## WHAT YOU NEED TO DO
Look below for the line containing "2025 жылдың 18", then write out that line and every line after it to the end, exactly, minus the pictures.

-*-

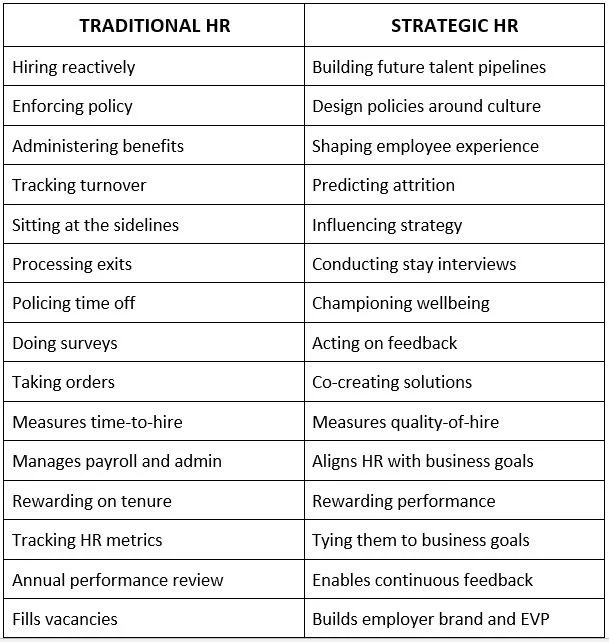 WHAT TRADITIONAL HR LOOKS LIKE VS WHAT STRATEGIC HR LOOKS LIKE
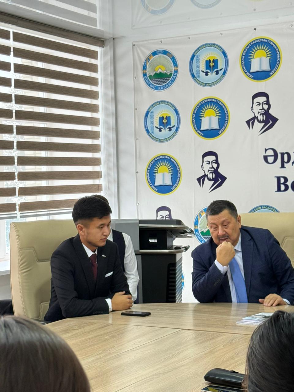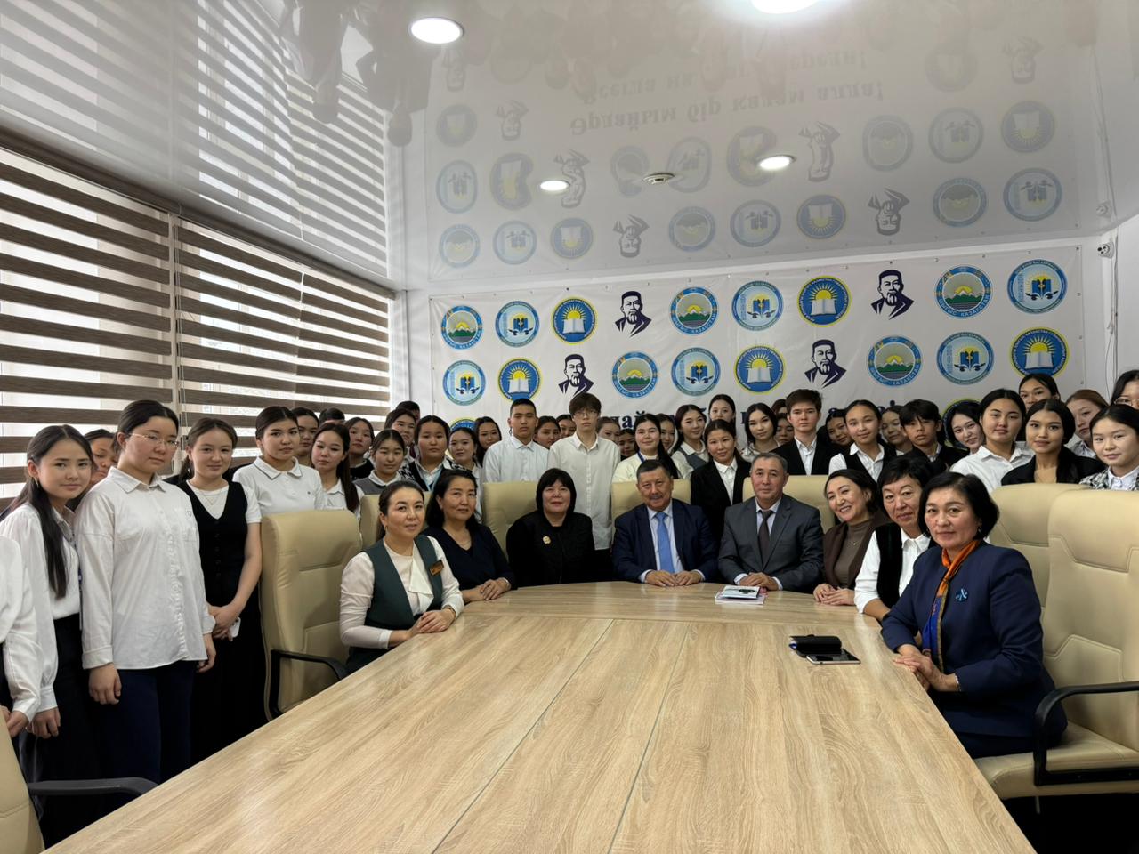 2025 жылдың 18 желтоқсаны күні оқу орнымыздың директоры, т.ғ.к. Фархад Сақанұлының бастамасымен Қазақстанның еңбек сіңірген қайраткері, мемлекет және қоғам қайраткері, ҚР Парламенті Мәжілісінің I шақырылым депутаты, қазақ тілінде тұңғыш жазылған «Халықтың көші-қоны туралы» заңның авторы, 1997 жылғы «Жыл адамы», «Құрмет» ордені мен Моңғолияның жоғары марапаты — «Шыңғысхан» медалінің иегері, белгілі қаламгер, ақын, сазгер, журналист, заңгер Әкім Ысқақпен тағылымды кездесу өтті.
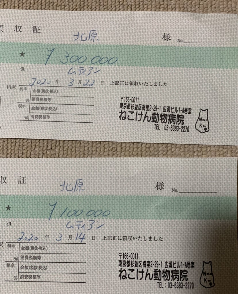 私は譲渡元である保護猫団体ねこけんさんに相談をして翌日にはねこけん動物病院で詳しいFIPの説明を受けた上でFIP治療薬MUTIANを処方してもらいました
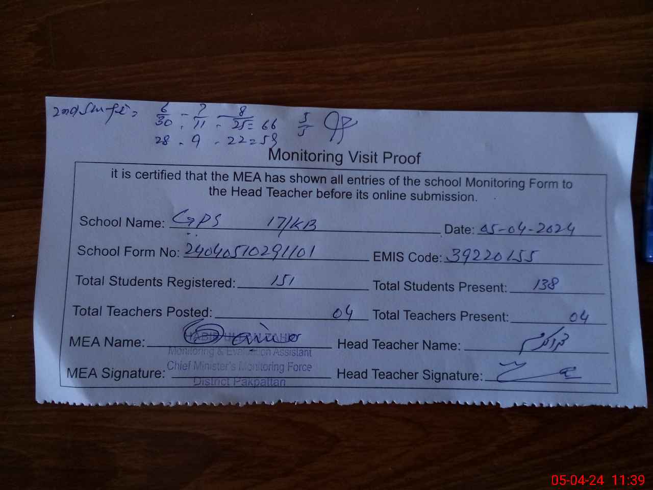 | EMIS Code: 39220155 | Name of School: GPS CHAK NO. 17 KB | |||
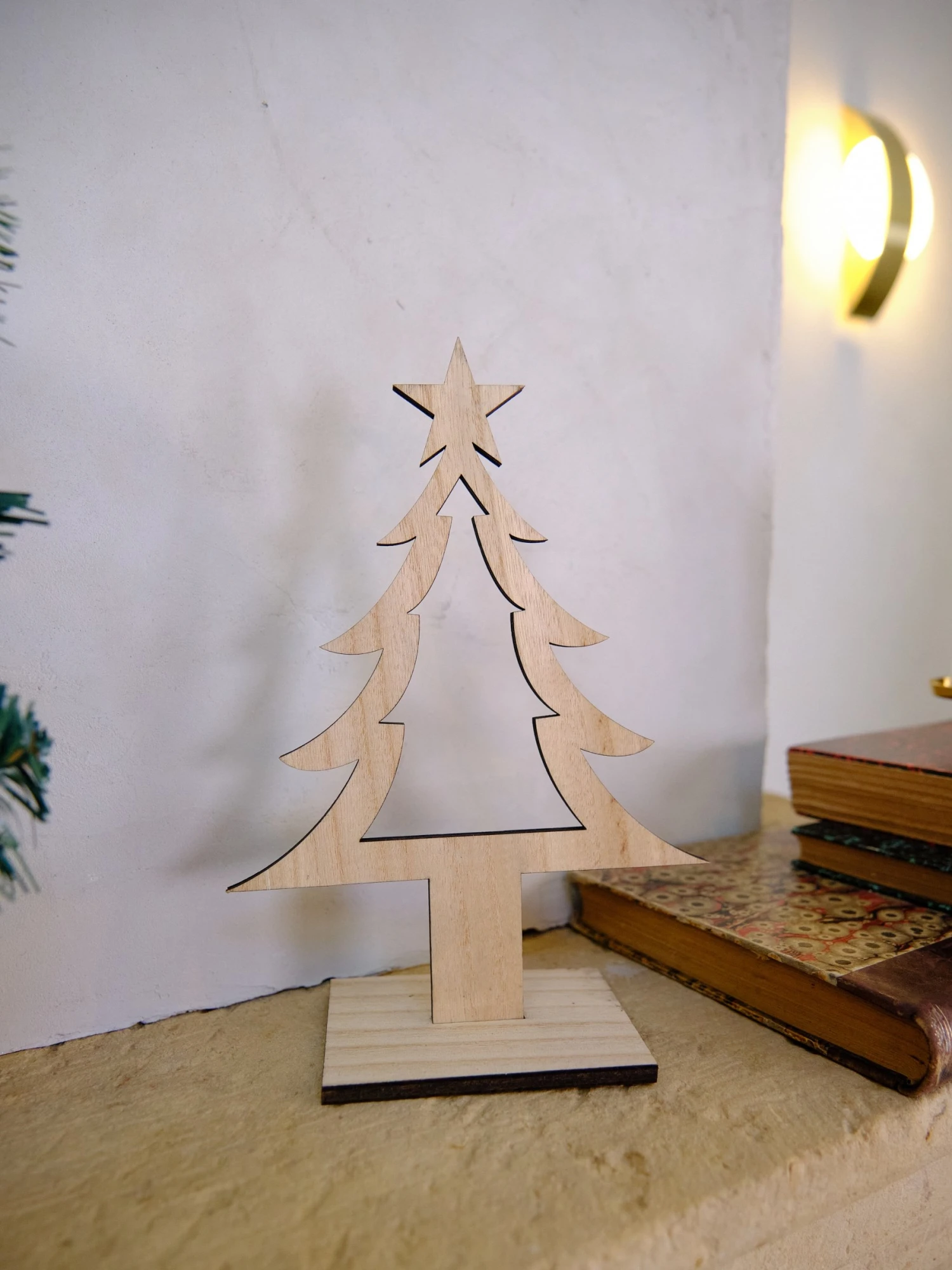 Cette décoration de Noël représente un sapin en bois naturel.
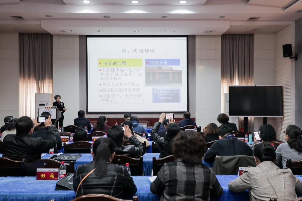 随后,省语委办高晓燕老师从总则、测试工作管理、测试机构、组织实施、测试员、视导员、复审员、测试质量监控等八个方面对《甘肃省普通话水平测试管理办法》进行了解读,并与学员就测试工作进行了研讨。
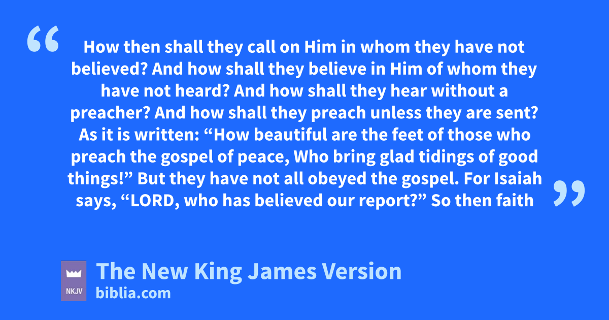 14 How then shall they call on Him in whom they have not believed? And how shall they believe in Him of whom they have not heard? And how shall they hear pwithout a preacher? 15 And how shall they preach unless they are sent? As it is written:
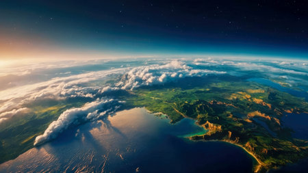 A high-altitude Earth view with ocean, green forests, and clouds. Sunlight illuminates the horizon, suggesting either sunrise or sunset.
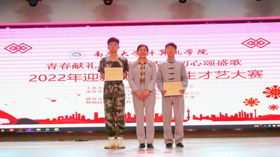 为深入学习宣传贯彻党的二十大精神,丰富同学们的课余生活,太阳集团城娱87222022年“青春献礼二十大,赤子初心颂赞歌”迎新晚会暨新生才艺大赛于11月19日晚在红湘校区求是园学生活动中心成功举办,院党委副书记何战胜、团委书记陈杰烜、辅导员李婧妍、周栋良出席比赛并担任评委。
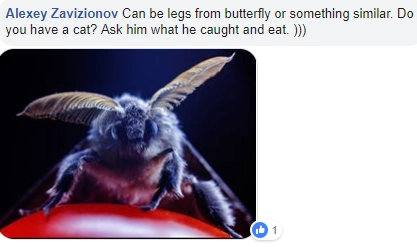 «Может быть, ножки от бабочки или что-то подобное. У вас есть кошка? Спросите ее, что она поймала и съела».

-*-

## EXERCISE RESULT
 2025 жылдың 18 желтоқсаны күні оқу орнымыздың директоры, т.ғ.к. Фархад Сақанұлының бастамасымен Қазақстанның еңбек сіңірген қайраткері, мемлекет және қоғам қайраткері, ҚР Парламенті Мәжілісінің I шақырылым депутаты, қазақ тілінде тұңғыш жазылған «Халықтың көші-қоны туралы» заңның авторы, 1997 жылғы «Жыл адамы», «Құрмет» ордені мен Моңғолияның жоғары марапаты — «Шыңғысхан» медалінің иегері, белгілі қаламгер, ақын, сазгер, журналист, заңгер Әкім Ысқақпен тағылымды кездесу өтті.
 私は譲渡元である保護猫団体ねこけんさんに相談をして翌日にはねこけん動物病院で詳しいFIPの説明を受けた上でFIP治療薬MUTIANを処方してもらいました
 | EMIS Code: 39220155 | Name of School: GPS CHAK NO. 17 KB | |||
 Cette décoration de Noël représente un sapin en bois naturel.
 随后,省语委办高晓燕老师从总则、测试工作管理、测试机构、组织实施、测试员、视导员、复审员、测试质量监控等八个方面对《甘肃省普通话水平测试管理办法》进行了解读,并与学员就测试工作进行了研讨。
 14 How then shall they call on Him in whom they have not believed? And how shall they believe in Him of whom they have not heard? And how shall they hear pwithout a preacher? 15 And how shall they preach unless they are sent? As it is written:
 A high-altitude Earth view with ocean, green forests, and clouds. Sunlight illuminates the horizon, suggesting either sunrise or sunset.
 为深入学习宣传贯彻党的二十大精神,丰富同学们的课余生活,太阳集团城娱87222022年“青春献礼二十大,赤子初心颂赞歌”迎新晚会暨新生才艺大赛于11月19日晚在红湘校区求是园学生活动中心成功举办,院党委副书记何战胜、团委书记陈杰烜、辅导员李婧妍、周栋良出席比赛并担任评委。
 «Может быть, ножки от бабочки или что-то подобное. У вас есть кошка? Спросите ее, что она поймала и съела».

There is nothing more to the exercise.